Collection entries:
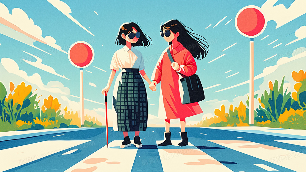 本作品内容为卡通女孩盲人过马路插画, 格式为 jpg, 大小3 MB, 图片尺寸为2912 x 1632, 源文件无水印, 欢迎使用熊猫办公。 如认为平台内容涉嫌侵权,可通过邮件:tousu@tukuppt.com提出书面通知,我们将及时处理。
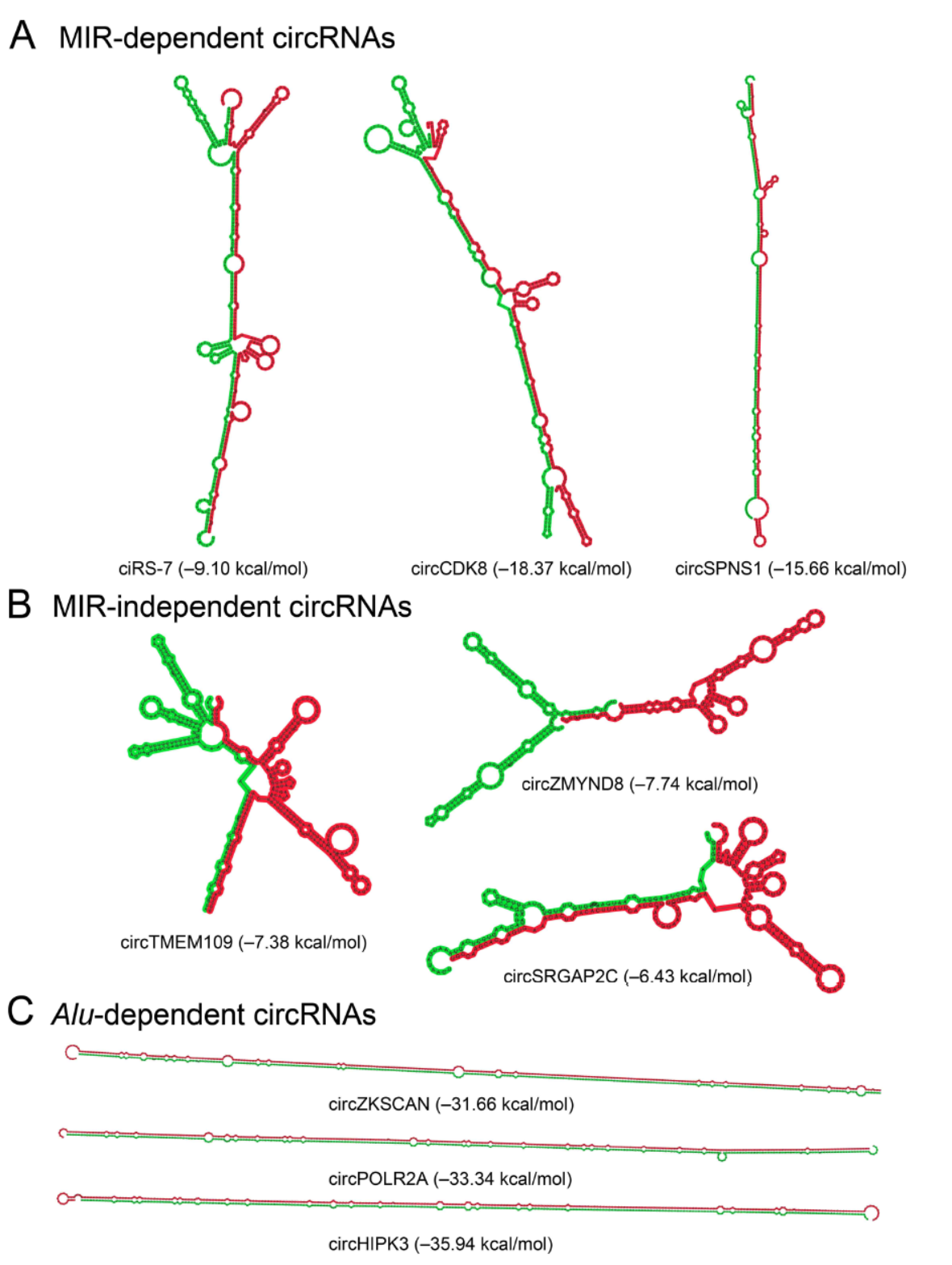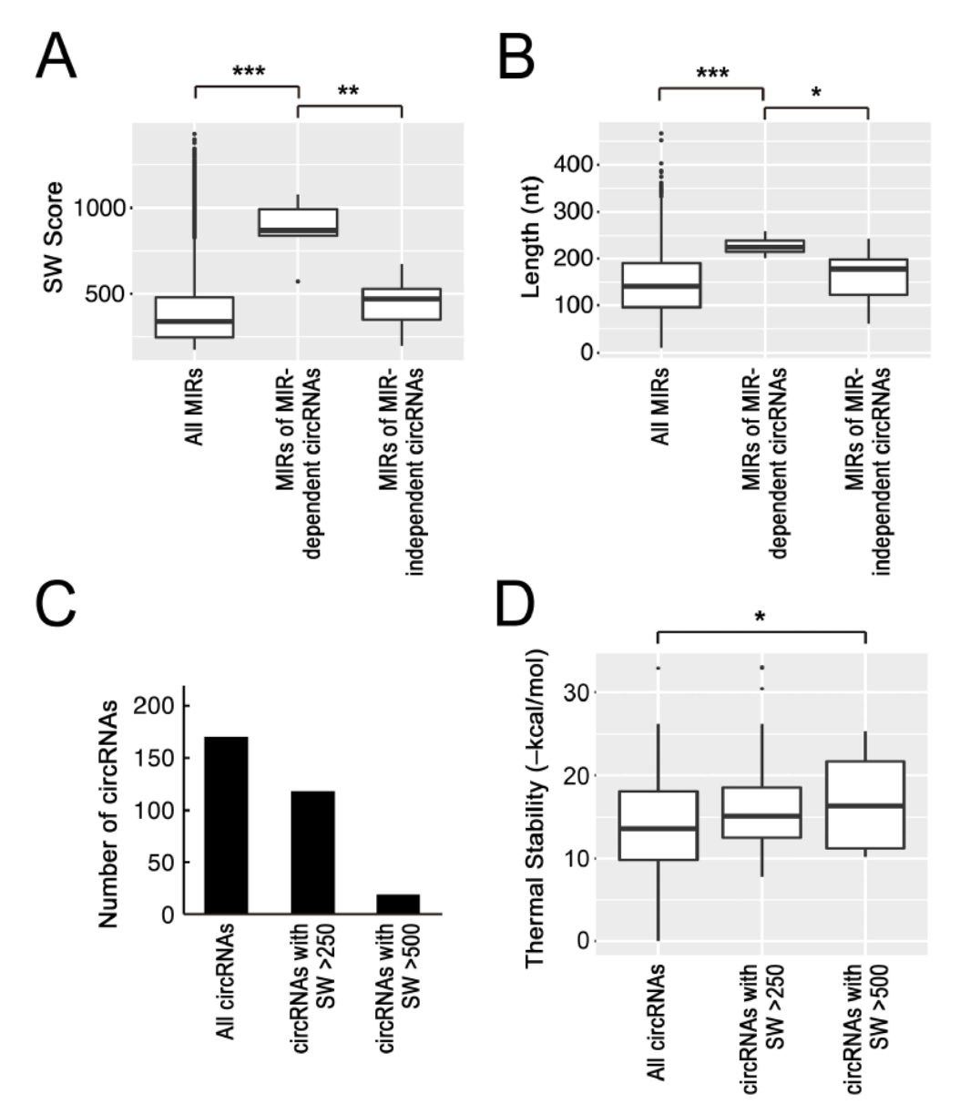 MIR在进化中比Alu元件更古老,很多MIR元件因此变得短了。如果是这样的,那么在不是MIR依赖生成的circRNA两侧的MIR元件势必没有依赖MIR生成的circRNA两侧的MIR元件保守性好。为验证这一假设,作者分析了MIR依赖和不依赖的circRNA两侧序列中MIR元件的Smith-Waterman值,结果确实证明MIR依赖的circRNA两侧SW值明显高,且MIR元件的长度也更高,更完整。在所发现的171种circRNA中,SW值大于250的有118种,SW值大于500的有19种,随着SW值的增加,对应的circRNA两侧的MIR元件的热力学稳定性也越高。
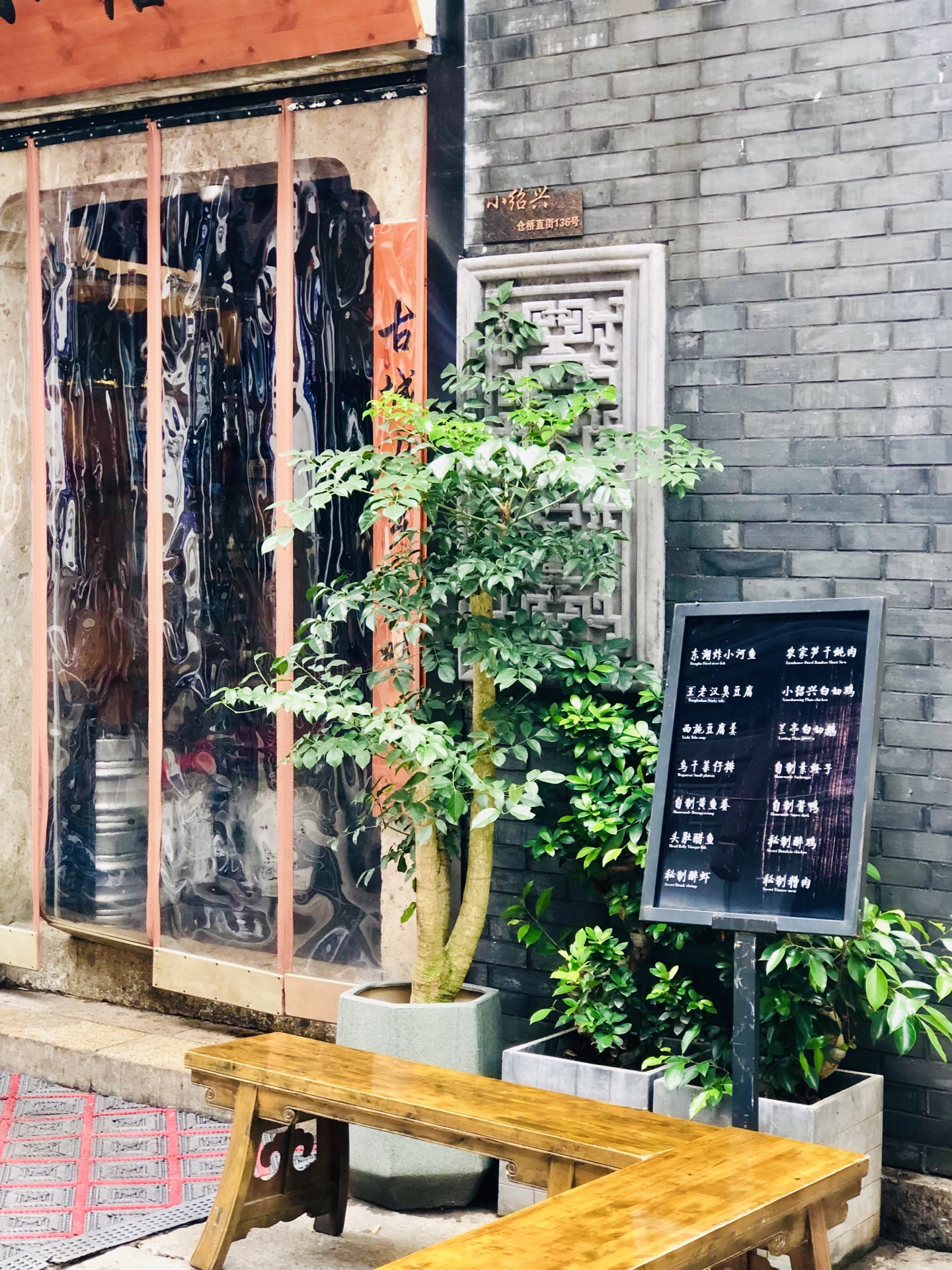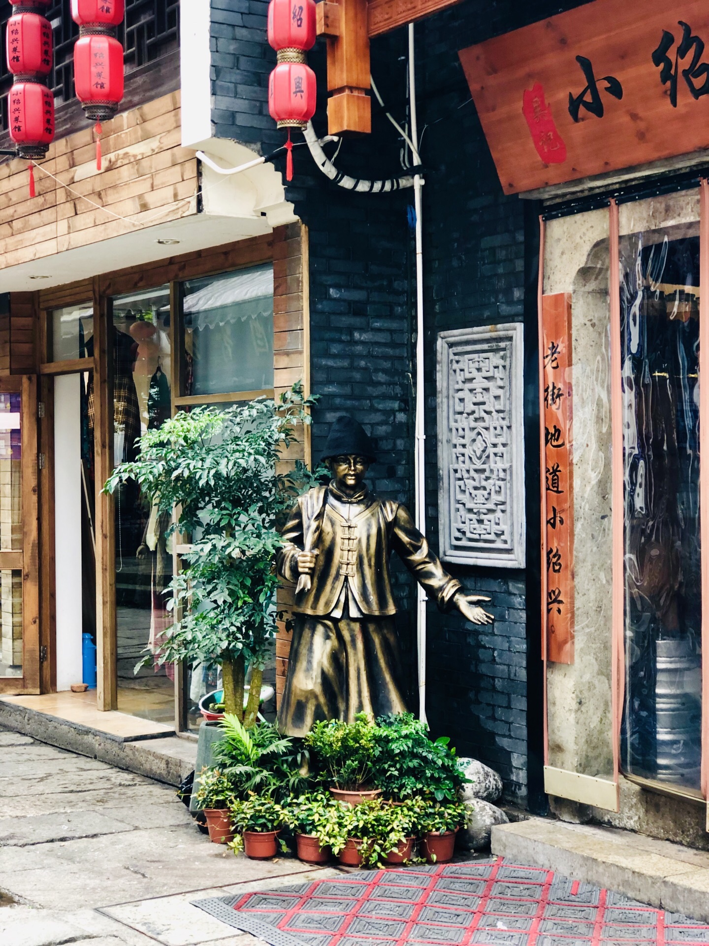 小绍兴菜馆 来了绍兴是一定要吃一顿绍兴菜的 在仓桥直街,开着的餐馆中 比较有名的绍兴菜馆还蛮多的 如果来的人多,可以考虑多点一些菜 每个都尝试一下哦 坐标:小绍兴就是在仓桥直街内的,直接在主街上走走,然后就可以看到 门口有一个戴乌毡帽的铜人,看上去就是请你进去品尝品尝,请 环境:古朴的古镇风格 门口还摆了好多的凳子,如果这里需要等位,很贴心的给你椅子休息一下 还有菜单,没有吃过的可以考虑一下菜品名字再定夺
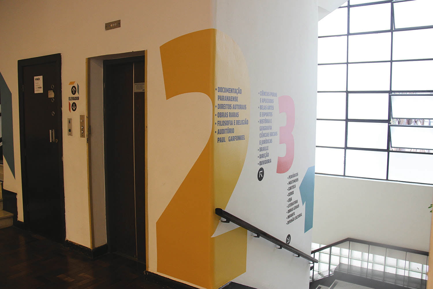 Sistema de sinalização/ Wayfinding desenvolvido pelo nosso estúdio para a Biblioteca Pública do Paraná (BPP).
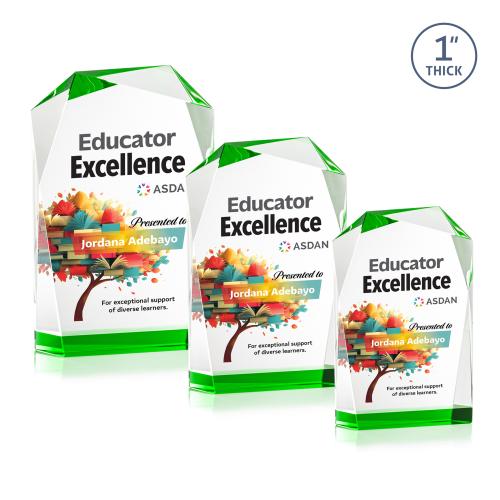 Elevate your recognition ceremonies with the Donvale Full Color Green Unique Crystal Trophy. This exquisite award, crafted from high-quality optical crystal, features a modern geometric design with asymmetrical beveled edges. The vibrant emerald accent at the base beautifully reflects through the top, creating a striking visual display. Perfect for celebrating excellence, this trophy is available in three sizes, offering a sophisticated and contemporary touch to any occasion. Personalize it with our full-color VividPrint to make your achievement truly stand out. Ideal for those looking to honor special achievements in a memorable way.

Work to complete — Keep the pictures out while you retype all of the data above exactly as it appears.

Answer for this exercise —
 本作品内容为卡通女孩盲人过马路插画, 格式为 jpg, 大小3 MB, 图片尺寸为2912 x 1632, 源文件无水印, 欢迎使用熊猫办公。 如认为平台内容涉嫌侵权,可通过邮件:tousu@tukuppt.com提出书面通知,我们将及时处理。
 MIR在进化中比Alu元件更古老,很多MIR元件因此变得短了。如果是这样的,那么在不是MIR依赖生成的circRNA两侧的MIR元件势必没有依赖MIR生成的circRNA两侧的MIR元件保守性好。为验证这一假设,作者分析了MIR依赖和不依赖的circRNA两侧序列中MIR元件的Smith-Waterman值,结果确实证明MIR依赖的circRNA两侧SW值明显高,且MIR元件的长度也更高,更完整。在所发现的171种circRNA中,SW值大于250的有118种,SW值大于500的有19种,随着SW值的增加,对应的circRNA两侧的MIR元件的热力学稳定性也越高。
 小绍兴菜馆 来了绍兴是一定要吃一顿绍兴菜的 在仓桥直街,开着的餐馆中 比较有名的绍兴菜馆还蛮多的 如果来的人多,可以考虑多点一些菜 每个都尝试一下哦 坐标:小绍兴就是在仓桥直街内的,直接在主街上走走,然后就可以看到 门口有一个戴乌毡帽的铜人,看上去就是请你进去品尝品尝,请 环境:古朴的古镇风格 门口还摆了好多的凳子,如果这里需要等位,很贴心的给你椅子休息一下 还有菜单,没有吃过的可以考虑一下菜品名字再定夺
 Sistema de sinalização/ Wayfinding desenvolvido pelo nosso estúdio para a Biblioteca Pública do Paraná (BPP).
 Elevate your recognition ceremonies with the Donvale Full Color Green Unique Crystal Trophy. This exquisite award, crafted from high-quality optical crystal, features a modern geometric design with asymmetrical beveled edges. The vibrant emerald accent at the base beautifully reflects through the top, creating a striking visual display. Perfect for celebrating excellence, this trophy is available in three sizes, offering a sophisticated and contemporary touch to any occasion. Personalize it with our full-color VividPrint to make your achievement truly stand out. Ideal for those looking to honor special achievements in a memorable way.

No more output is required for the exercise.